# Used parts in Corvallis-Albany-Salem-Eugene area?



## undies (Oct 13, 2005)

Does anyone know of good used parts/bike sources in the mid-Willamette Valley?


----------



## asterisk (Oct 21, 2003)

I don't know about Eugene but I've lived in Corvallis and Salem and can say the pickings are slim in either of those. You might be better off taking a trip to Portland and visiting City Bikes Coop. I'm not even sure if Albany has a bike shop anymore... I know there used to be one downtown near the HWY 20 bridge but it moved or closed.


----------



## undies (Oct 13, 2005)

Albany has a Bike-n-Hike; it's been there for a while, over by the post office. It's a small shop but nice and the staff is great. They helped me out quite a bit during a recent SS conversion of an old garage sale Univega.
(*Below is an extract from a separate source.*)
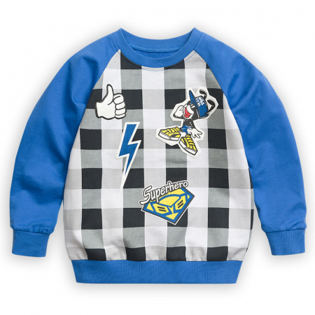 Состав: 100%хлопокОписание: Толстовка для мальчиков. Толстовка свободного силуэта, рукав реглан, горловина, манжета рукава и низ изделия из рибаны, по переду изделия принт клетка с имитацией нашивок

No used stuff at Bike-n-Hike though. 

There is also a Schwinn shop near the bridges - probably the one you're thinking of - but they only seem to stock kids bikes, cruisers, and low-end MTBs so I haven't been in there for a while. 

Thanks for the tip on City Bikes Coop. I will check it out on my next semi-annual trip to the big city


----------



## asterisk (Oct 21, 2003)

Duh, didn't even think about the Bike N' Hike... I don't get through Albany too much.

Anyhoo, City Bikes has tons o' parts, you can usually find what you are looking for. I'm sure there is something similar in Eugene but I don't know that area very well either.


----------